I’m afraid, though, there are other Cabinet ministers who don’t have a spotless record. One is Robert Jenrick, who as Housing and Communities Secretary has attracted several allegations of sleaze.

In November 2019 he overturned a planning decision against a property developer’s £1 billion plan to build 1,500 homes in East London the day before a new tax was introduced, saving him millions of pounds. The developer, Richard Desmond, had made a £12,000 donation to the Tory Party two weeks earlier.

And then there is swashbuckling, shameless Boris Johnson who, incidentally, still faces investigation by the Greater London Authority’s oversight committee into whether he conducted himself in a way expected of those in public office during his relationship with Jennifer Arcuri while he was Mayor.

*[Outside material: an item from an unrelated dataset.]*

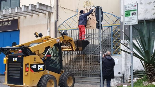 Intento a sistemare un cartello sul cancello d’ingresso al palazzetto del Mare. Nulla di male se non fosse che per farlo si è servito del braccio meccanico di una escavatrice. Il tutto senza indossare un casco protettivo.
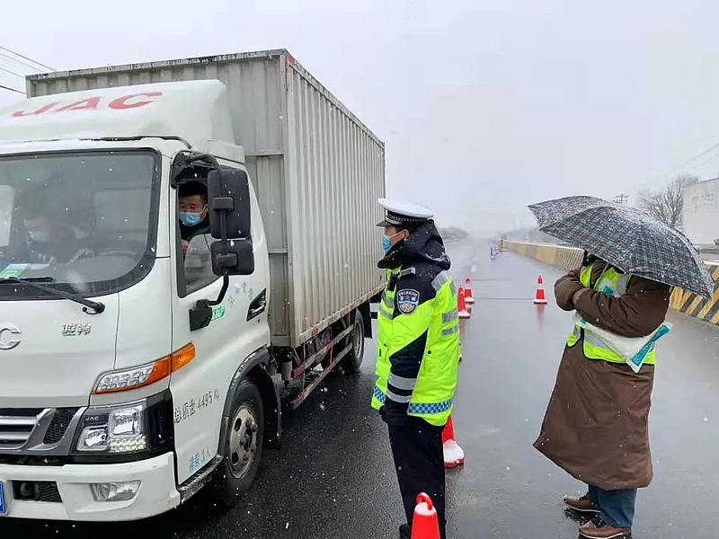 大雪落城,疫情当前,示范区公安局民辅警冒雪坚守,全身心投入到疫情防控、车辆人员筛查、防控处置、道路交通安全管理等一系列工作中。

How one longs for rulers who are rigorous and even-handed, who do not indulge their favourites and treat them as members of a privileged gang permitted to follow their own convenient rules.

I’m glad the archetypal hypocrite Matt Hancock has departed, but I don’t think we will suddenly have a Government characterised by virtue and integrity.

On the contrary, as a result of not sacking him when he should have done so, Boris Johnson has reinforced the impression that No. 10 is short on probity, and a little more of his already diminished moral authority has drained away.